In summary, the PWMs computed from crystal structures performed better than the TRANSFAC ones recovering altogether 55 sites, while both TRANSFAC PWMs yielded 51 hits. However, there are two factors that influence these results - for many of the experimental binding sites it is not known with which NF-κ B-family member (p50, p52, p65, RelB) they interact. Here, we focused on two very specific cases, namely p50 homodimer and p50p65 heterodimer, and omitted p52 and RelB. Second, we did not compare the PWMs presented here to all 6 other NF-κ B-related matrices annotated in TRANSFAC that could probably cover all 58 response elements found in the 31 promoters. The comparison shown here aimed at evaluating the quality of the matrices presented in this work.
GABP and ERα
As representatives from other structural TF classes we chose the GABP heterodimer and the ERα nuclear hormone receptor whose family members are widely expressed in various eukaryotic genomes. The helix-turn-helix GA-binding protein (GABP) is unique among the ETS-family transcription factors as it functions as a heterodimer composed of an α and a β subunit. The α subunit, encoded by the GABPA gene, contains the ETS DNA-binding domain, while the β subunit, encoded by an unrelated gene, GABPB2, contains the transcriptional activation domain as well as four ankyrin repeats necessary for dimerization with the DNA-binding subunit. For the GABP matrix computation we used its heterodimeric complex, while for ERα its homodimer complexed with DNA was used. Figure 7 shows the newly obtained GABP matrix logo together with the corresponding logo from TRANSFAC (from entry V$GABP_B). The intensities of the first three nucleotides in the newly computed PWM compare well to those found in the corresponding TRANSFAC logo although the intensive guanine signal seen in the latter PWM vanishes in the atomistically modeled matrix. Nevertheless, the GG-repeat as well as adenine at the seventh position in the new matrix are also quantitatively well captured comparing to the corresponding PWM from TRANSFAC.

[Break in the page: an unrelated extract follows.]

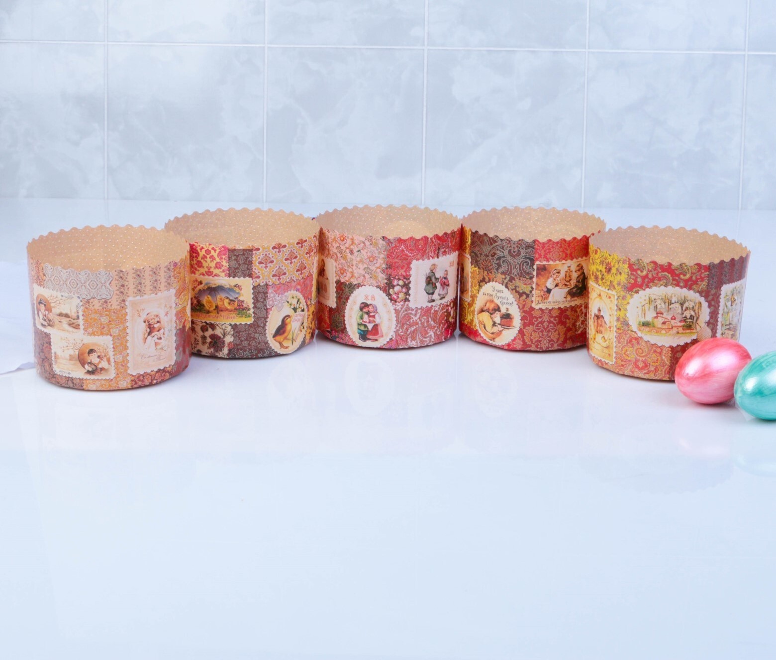 !09 Комплект из 3-х штук - Форма бумажная для кекса, маффинов и кулича "Ретро МИКС" 110 x 85мм,

The ERα estrogen receptor belongs to the family of Cys4 zinc finger proteins. Figure 8 shows the sequence logo of the homodimer and a half-site (monomer) logo from TRANSFAC entry V$ER_Q6_02. The GG-signal seems to be well reproduced by the statistical potential used here, and the AGGTCA consensus suggested by TRANSFAC is better reproduced in the right part of the PWM computed in this work. Thymine seems to compete with guanine in the fifth position of the structure-based matrix, while the TRANSFAC logo exhibits thymine dominance at that position. The all-atom matrix computation used here allows for discrepancies between two homodimeric binding sites as shown in Figure 8. Experimentally, it is more difficult to capture such structural details as most of the experiments use half-sites in the binding affinity measurements [18] and the PWMs derived from such size also have to be symmetric. Probably the strongest advantage of the method presented here over the experimental ones is the opportunity to compute PWMs from complicated TF structures like homo- and heterodimers, or tetramers, as in the experiment this is often difficult to account for.